After a bit of a public call out, I realized it was time to start thinking of the Friday Puzzler again. I came up with what I thought was a fun one, but it ended up being something I thought would be a bit more than 5 minutes. So this Puzzler will be for the entire week, and to sweeten the pot a bit, Ben Forta will be sharing a copy of CFWACK (3rd book) with the winner. This isn't a real 'contest' per se, but just a slightly more intense Friday Puzzler. Ready?
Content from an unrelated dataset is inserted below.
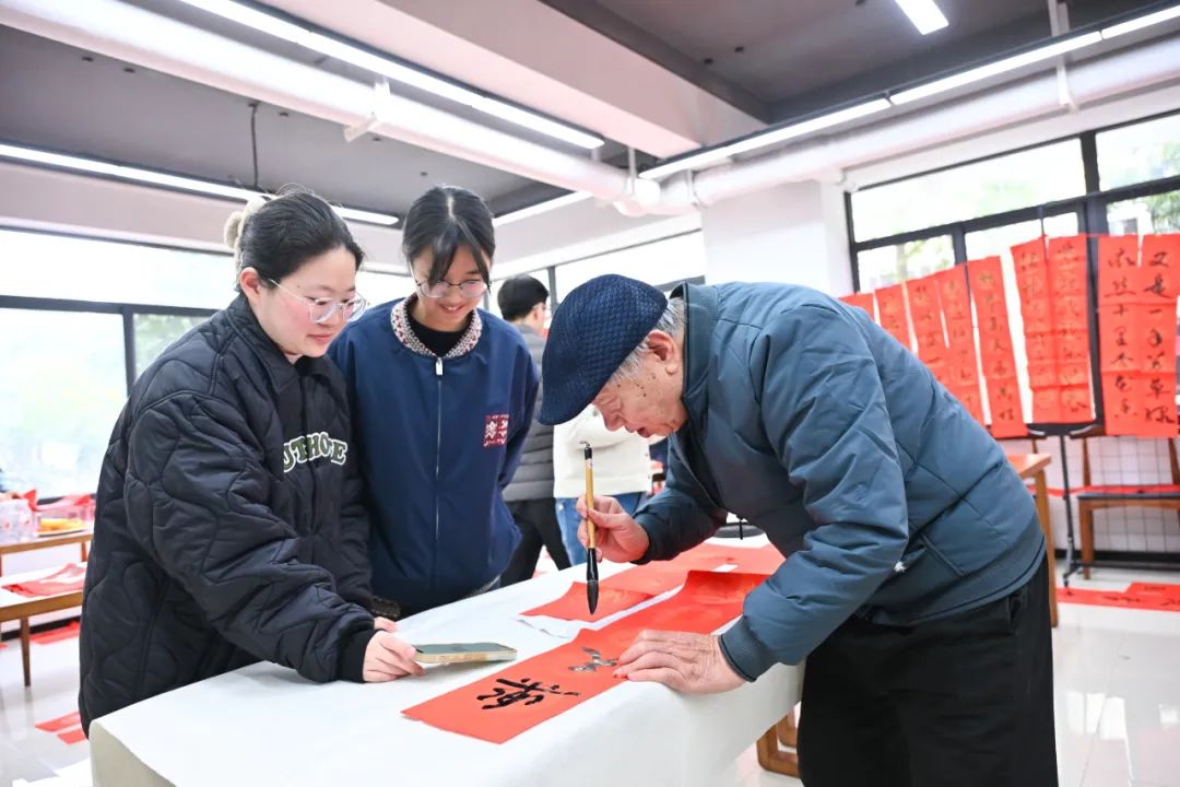 同学们围在书法家身旁,领略流畅洒脱的笔法之美,聆听春联背后丰富的文化故事。大家在老艺术家们的指导下纷纷动手书写春联,亲身体验中华传统书法的独特魅力。现场气氛热烈又温馨,欢声笑语不绝于耳。

The Friday Puzzler will be a Lemonade Stand simulation. The basic idea is simple. Each stand is given a budget of 10 dollars. Each day you will be given a weather prediction (high temp and weather type). Your goal then is to simply determine how many cups of lemonade to make and how much to sell them for. Your code will simply be a UDF. My simulator will run 20 days (the number may change) of iterations. For each day it will call your UDF, get your response, and then determine how well your stand then. Like all weathermen, what is predicted may not actually happen, so you have to take your chances. (Just like real life.) Now for the nitty gritty details.
• Your UDF must 4 arguments.
• The first argument is predictedtemp, a number representing the predicted temperature.
• The second argument is predictedweather. This is a string with 4 types of weather. sunny, clear, rain, or storm. Obviously you will sell more lemonade on sunny days.
• The third argument is cupprice, or the cost (in cents) per cup of lemonade. This will range from 3 to 8 cents.
• The fourth argument is budget. This is how much money (in cents) that you have available.
• Your UDF must return a structure.
• One key is pricepercup, which is how much you will sell your lemonade for (in cents).
• The other key is numberofcups which is the number of cups to make. Note - if you try to make more cups than your budget allows, your UDF will be killed (drawn and quartered). Also note that you cannot make more than 250 cups. You are only human after all.
• Lastly, your UDF must be named ls_X, where X should be your name. This is just to help me organize stuff. So ls_camden would be an example. Yes that's kind of a bad way to name a UDF, but it helps me run my simulator.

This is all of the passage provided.